クリスマスの新定番「1人シュトレン」浸透のなぜ 日本で独自進化し続けるシュトレンの現在地
回答した人たちが挙げたシュトレンを1人で食べる理由は、「賞味期限が長い」「自分の好みなので独り占めしたい」「人にあげて好みでなかったら嫌だから」。リベイク運営事務局の中島百音氏は、「幼い子どもがクリスマスケーキが好きだから」といった声もあるとし、パートナーとシェアしない理由も含めて「スパイスやドライフルーツが多く使われているので、好き嫌いが分かれるからではないでしょうか」と分析する。
ドイツより多様化が進む日本版シュトレン
中島氏が挙げたもう1つの理由が、日本独自に進化したシュトレン自体の多様性だ。リベイクに出品されるアレンジされたシュトレンは、チョコや栗といったフレーバーのものを出す店が最も多く、次に多いのが、地元の食材を使うシュトレンである。
例えば「広島県尾道市の『かぎしっぽ』さんは、『おのみち潮風生姜』、尾道・向島産のドライイチジクなど、地元食材を押し出す『熟成しまなみシュトーレン』という商品を出しています。他にも信州りんごを使った長野の店や、地元産の小麦粉を使った山口の店などがあります」と中島氏は説明する。
バターを使わないヴィーガン対応商品やグルテンフリーで米粉を使ったシュトレンなどを出す店も少なくない。2種類以上用意している店は多く、中には6種類も販売する店がある。

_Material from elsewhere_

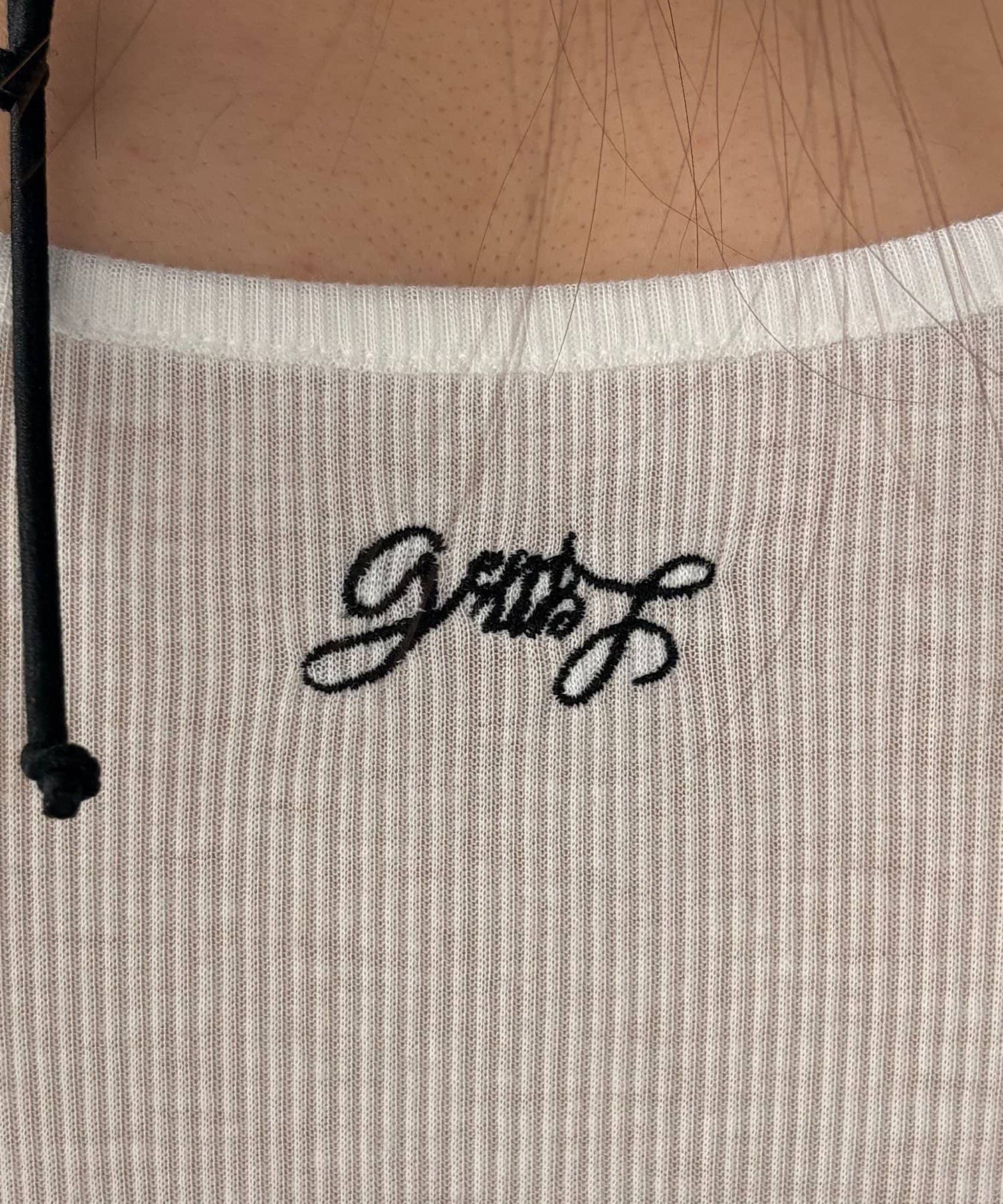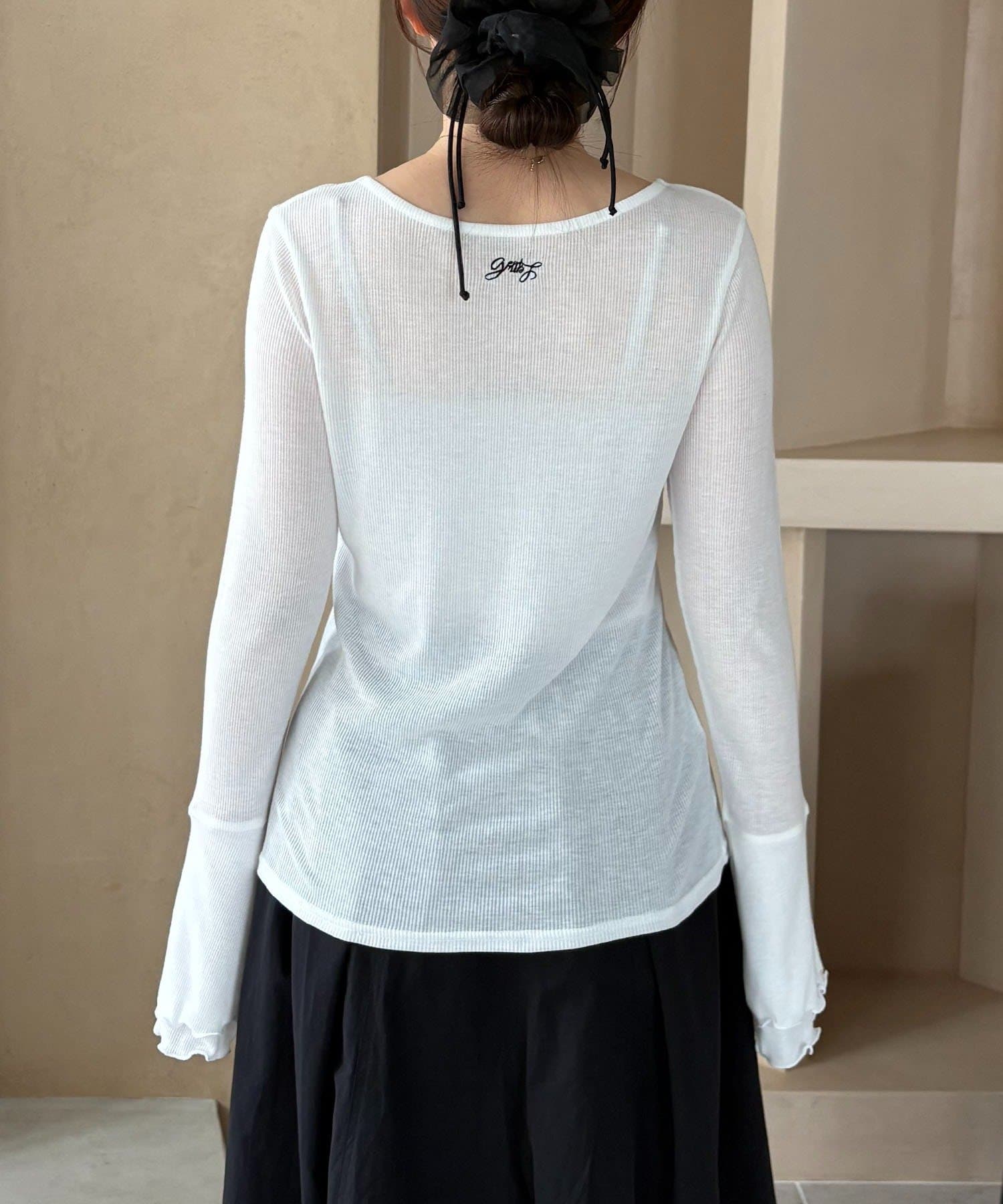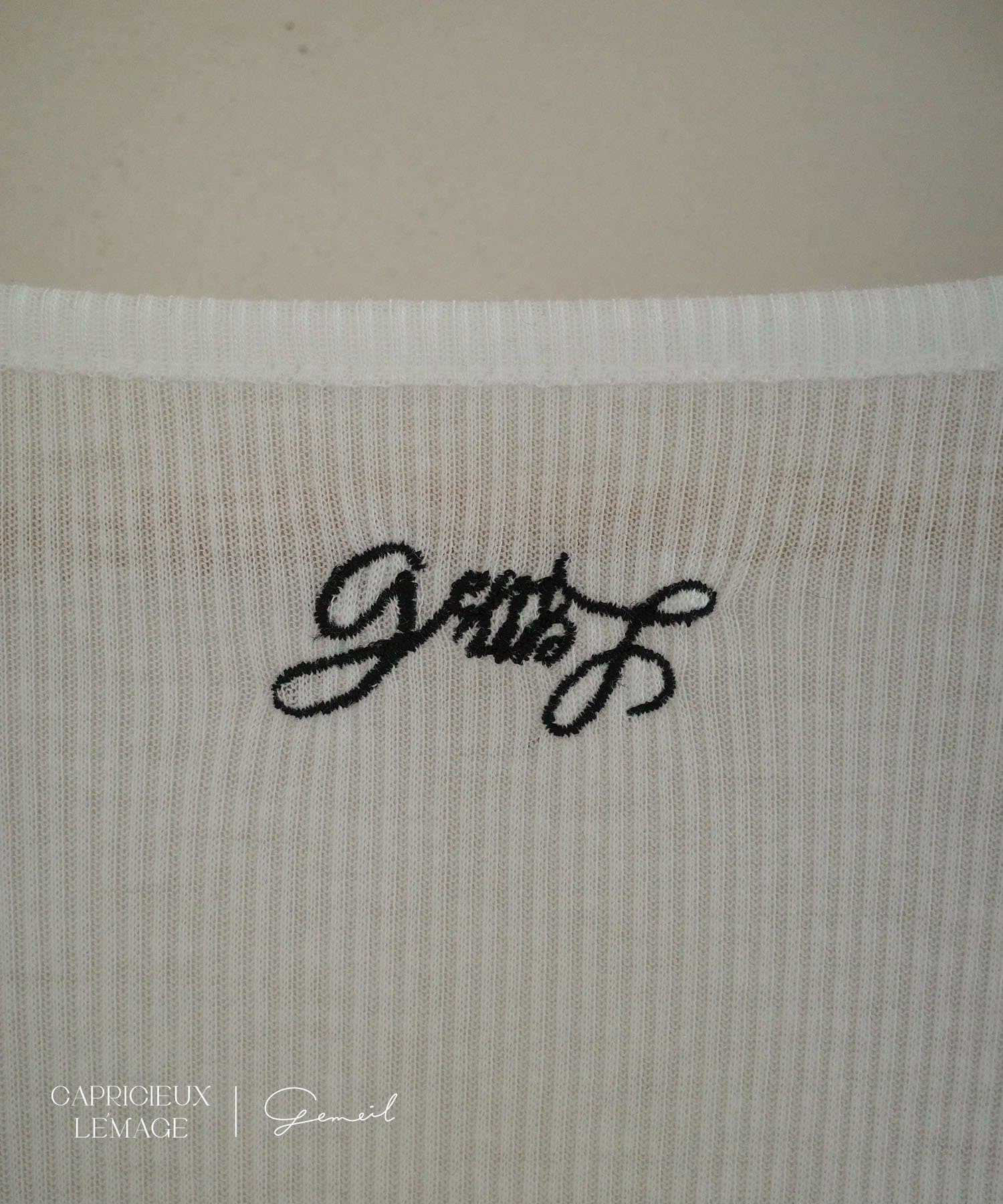 程よく透け感があり、首元後ろのコラボロゴがワンポイントに。

「本場ドイツには、シュトレンの決まりごとがあるので種類が限られているのですが、日本は決まりがない。日本のパン屋さんはアレンジ力がすごくあるので、そこで特徴を出して販売しやすいのではないでしょうか」(中島氏)
バリエーションが多ければ、買う側にとっても選ぶ楽しみが増える。そのためか、リベイクの利用者で「2本買っている人は少なくないですし、多い人は5本6本と買っています」と中島氏。
店側にとって、手間とコストがかかるシュトレンは、実はアレンジすることで差別化し利益を取りやすい商品でもある。「日持ちするシュトレンで地元の特色を出せば、全国で勝負できる、とシュトレンの通販に活路を見出すパン屋さんもあります」と中島氏は言う。